So there’s a common complaint among some of the pious that we liberals pick and choose our morality rather than ordering the prix fixe meal they offer.
The editors at Worldchanging found an admonishment to that sentiment in a series of responses that Spiked got when they asked scientists what would be the one thing they’d like to teach the world. Dr. Phillip Ball says he’d like people to grok that science isn’t a smorgasbord either:
To take one little example, someone who does not believe in relativity will need to come up with another explanation for why gold is yellow rather than silvery, as well as why we cannot then calculate the correct trajectory of the planet Mercury. These deep theories of science form a more-or-less integrated whole, even if the structure gets fuzzy around the edges. Science, unlike art, is not ultimately a matter of taste.

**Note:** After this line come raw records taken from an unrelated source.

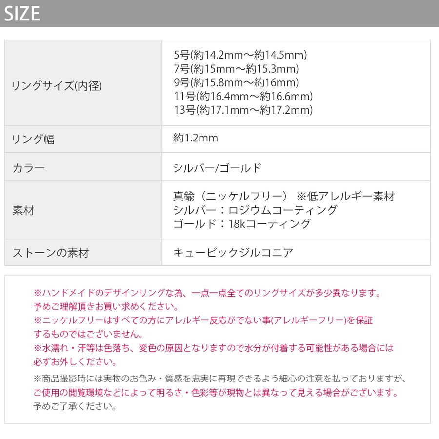 ※ハンドメイドのデザインリングな為、一点一点全てのリングサイズが多少異なります。
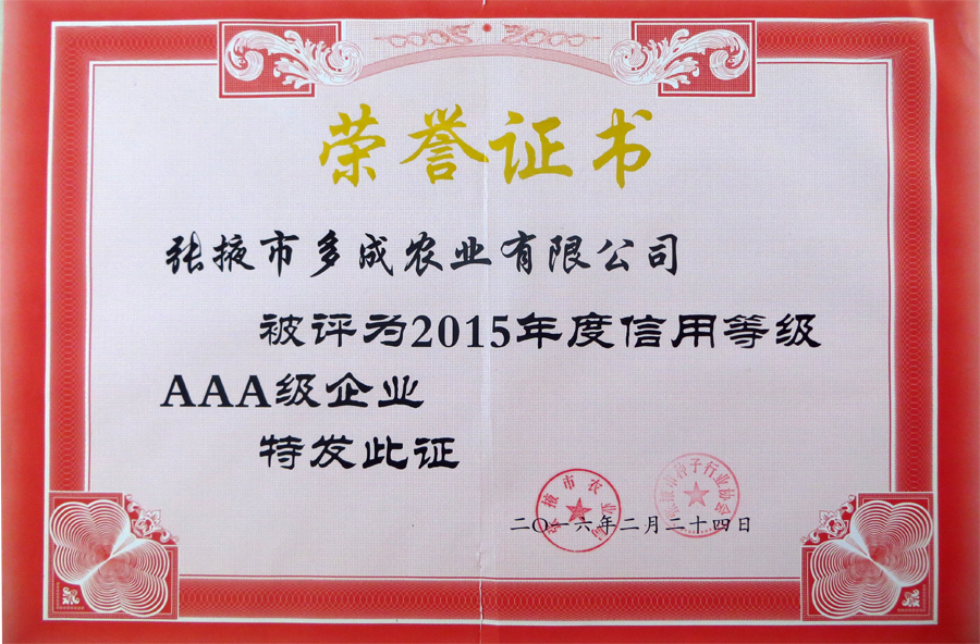 熱烈祝賀張掖市多成農業榮獲2015年度信用等級AAA企業稱號 (2016-02-26)
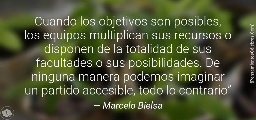 "Cuando los objetivos son posibles, los equipos multiplican sus recursos o disponen de la totalidad de sus facultades o sus posibilidades. De ninguna manera podemos imaginar un partido accesible, todo lo contrario”"
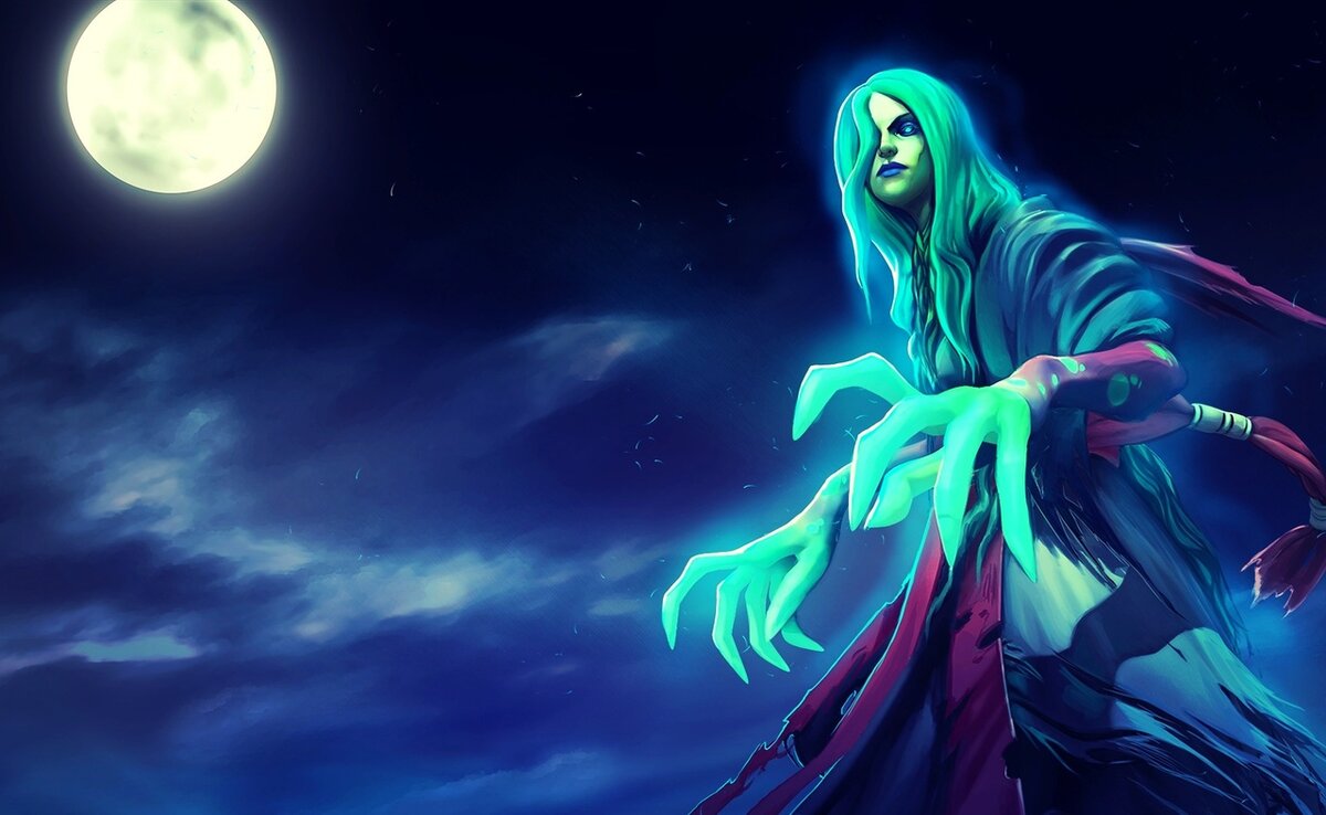 Она мягко опустилась у подоконника и с хрустом размяла шею. Ксюша перестала дышать и распахнутыми глазами рассматривала ведьму. Волосы ее были седые и закрывали почти все лицо, кожа бледно-зеленая, светящаяся мертвенным сиянием. Сквозь челку видно было белый глаз и посиневшие губы. Платье, бывшее некогда роскошным, теперь было разодрано во многих местах, лоскуты полуистлевшей бордовой ткани шевелил сквозняк.
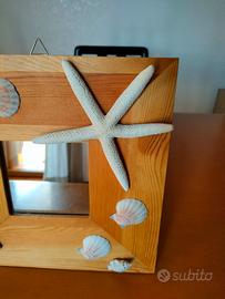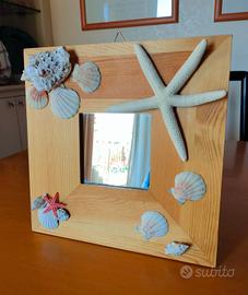 Quadretto in legno con piccolo specchio ed elementi marini. Dimensioni 25,5x25,5cm
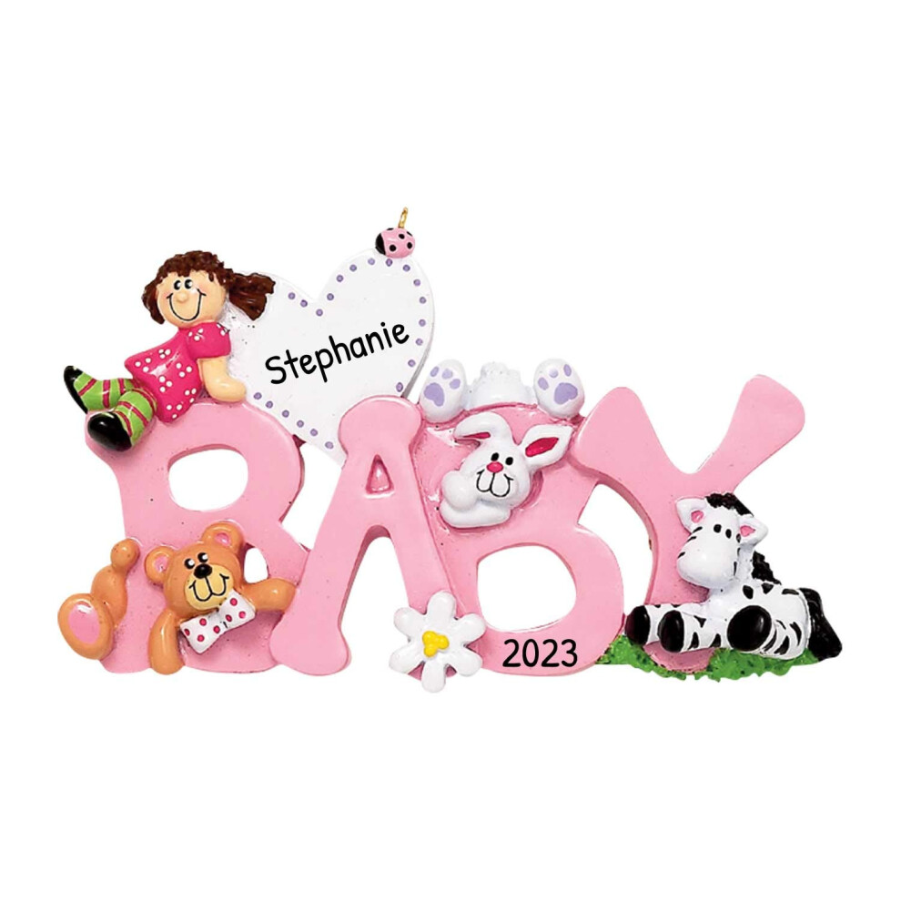 Personalized Babys First Christmas Ornaments 2024 Custom Christmas Ornaments Baby Girl First Christmas Ornament Baby Pink Name

Katha Pollitt’s take comes with considerably more snark:
Under the new plan, creationists could continue their efforts to wreck science education and dumb down their kids–but first, they would pledge to abstain from any real-life benefits of evolutionary theory. Flu vaccines, for example, rely for their effectiveness on yearly reformulation to account for the evolution of the influenza virus. No evolution? Achoo for you!
Gwyneth Jones (WisCon 29 GoH) latches on this in her novel Life. In one section, the protagonist has an overseas gig on a former Malaysian island annexed by an Islamic Indonesian government. The rulers enforce the hejab, ban mobile phones and the web, but are happy to pay her firm for in-vitro fertilization and more exotic reproductive technologies
Daz, a human rights lawyer, sets us straight about all this hypocrisy. It’s nothing to do with Islam. It’s about controlling communication, you dorks.